KOBE — The idyllic image of a father and son flying a kite in Minami Komae Park bears no resemblance to the scenes visited on this place during the devastating 1995 Great Hanshin Earthquake.
Located in Kobe’s Nagata Ward, one of the hardest hit areas, the park became a tent city for over 200 evacuees in the aftermath of the quake.
It is from this park and through their shared hardships that Japanese and Vietnamese survivors developed new relationships based on mutual understanding.
Although many Vietnamese had been living in the ward for years prior to the earthquake, it would take a tragedy to finally unite them with their Japanese neighbors.
The quake, which resulted in the loss of over 6,000 lives and left tens of thousands of people homeless, was the catalyst. It forced many Vietnamese and Japanese to literally live together in the park. Despite many initial conflicts, they forged a friendship and formed an unofficial council to manage the community.
“It was difficult at first, but we got along well in the end,” said Miyoko Nakamura of the council. “While some (Vietnamese) had sharp tongues, they understood me when I spoke to them sincerely.
“Although many of the Vietnamese have moved to different places, I still chat with them when I bump into them on the street,” she added.
Foreign residents account for some 10 percent of the ward’s total population of 87,000. While most are Korean, Vietnamese are the second-largest ethnic group, with their number totaling 463 as of the end of March, according to the ward office.
The tents are now gone and the evacuees have resettled. But the harmony forged in tragedy, overcoming cultural and religious differences, lives on through the Takatori Relief Center.
Set up within the precinct of Takatori Catholic Church to provide support for the survivors, the center has accommodated various volunteer activities since its inception.
Six of these groups remain, including the Kobe Foreign Friendship Center and the Asian Town Promotion Council. They provide various services, especially for foreigners. The multilingual radio station FM Wai Wai is also based at the center.
Their activities have been serving as a magnet for locals, giving them reasons to visit the church and meet people, especially foreigners.
“The church used to be closed to non-Christians, and I didn’t have a chance to go inside. But after the quake, I started going there to do volunteer work, cooking and serving meals for other volunteers,” said Kuniko Takagi, who lives nearby.

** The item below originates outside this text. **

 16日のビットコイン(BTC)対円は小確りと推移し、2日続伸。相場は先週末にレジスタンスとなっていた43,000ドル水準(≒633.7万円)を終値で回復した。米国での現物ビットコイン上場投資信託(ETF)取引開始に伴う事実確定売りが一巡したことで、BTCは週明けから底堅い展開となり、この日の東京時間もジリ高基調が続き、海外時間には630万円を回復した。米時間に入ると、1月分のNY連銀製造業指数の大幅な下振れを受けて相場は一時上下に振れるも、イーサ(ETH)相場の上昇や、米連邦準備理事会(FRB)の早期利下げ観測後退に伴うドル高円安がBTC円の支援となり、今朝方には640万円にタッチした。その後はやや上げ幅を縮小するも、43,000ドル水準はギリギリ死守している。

“What I learned from the quake experience was that having good relations with others is more important than anything,” said Takagi, who now helps the center with its plans to offer welfare services to local seniors.

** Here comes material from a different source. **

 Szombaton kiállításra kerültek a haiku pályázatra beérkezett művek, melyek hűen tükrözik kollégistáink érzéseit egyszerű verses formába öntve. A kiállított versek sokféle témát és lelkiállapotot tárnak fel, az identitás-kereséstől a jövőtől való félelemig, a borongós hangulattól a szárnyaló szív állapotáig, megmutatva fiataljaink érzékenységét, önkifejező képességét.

Some Japanese from the community are now beginning to understand their foreign neighbors. A group of 10 — eight Japanese and two Vietnamese — visited Vietnam in November for six days.

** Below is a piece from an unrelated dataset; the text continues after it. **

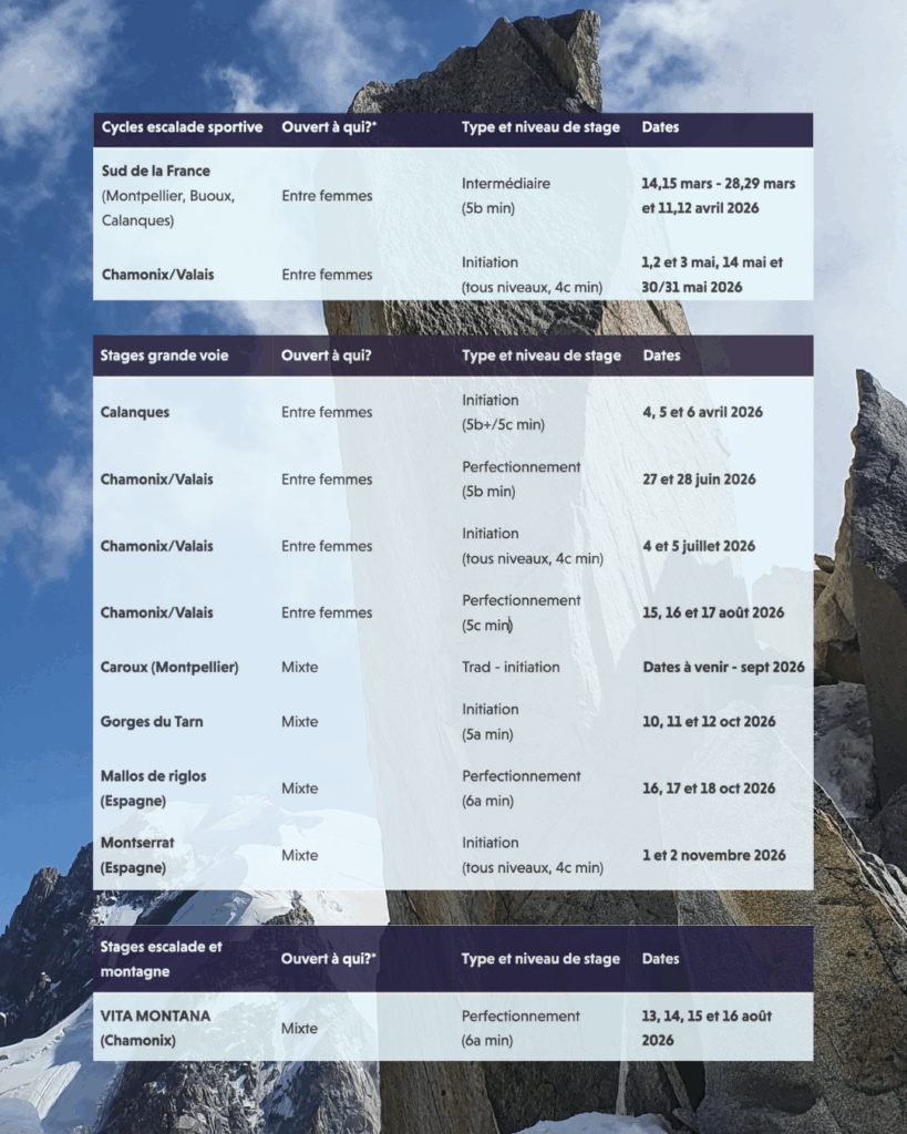 Voici tous les stages auxquels tu peux désormais t’inscrire pour cette année :

“I now understand the toughness of the Vietnamese people, those who went through the life-threatening experience of leaving the country as boat people,” said Yasuhiko Hashimoto, 42, who organized the tour.
Watching Vietnamese evacuees grilling meat and shrimp on stoves outside the shelter on the very night of the quake, Hashimoto said, he could not understand how they could dare to cook and eat dinner. Most Japanese, unable to recover from the shock, were sitting helplessly inside shelters.
Despite better relations between some, however, overall discrimination against foreign residents still exists and is not easy to eliminate, according to Ha Thi Thanh Nga, a 38 year-old Vietnamese who works at the Kobe Foreigners’ Friendship Center.
“Although it is true that relations with Japanese improved after the quake, many Vietnamese and other foreign residents still suffer from housing discrimination,” she said. “In some cases, it is worse than before.”
Working at the center on various problems facing foreign residents, she acknowledged culture and lifestyle differences pose obstacles to mutual understanding.
At the same time, she said the Vietnamese must also make greater efforts to live in harmony with Japanese.
“It’s true some Vietnamese play music loudly,” she said. “And they don’t express their opinions well, although I fully understand that a language barrier poses some difficulty, especially with first-generation Vietnamese.”
To get more local people involved in the center’s activities, church members and volunteers plan to transform the relief center — which currently focuses on support for foreign residents — into a community center with a broader scope of activities.
While no blueprint has been drawn, Hashimoto, a key member of the project, said the facility will maintain its existing qualities of freedom and flexibility.
“The basic concept is that the place will contribute to creating a community where various people with different cultural and religious backgrounds can live in harmony,” he said.
Hiroshi Kanda, priest at Takatori Catholic Church, said that one reason the tent residents cooperated so well was that the park provided a forum for conversations.
“We witnessed the creation of a wonderful community in the park. While some people say that it was only the extraordinary circumstances after the quake that made it possible, it gave us hope that we could make it live again under normal conditions,” Kanda said.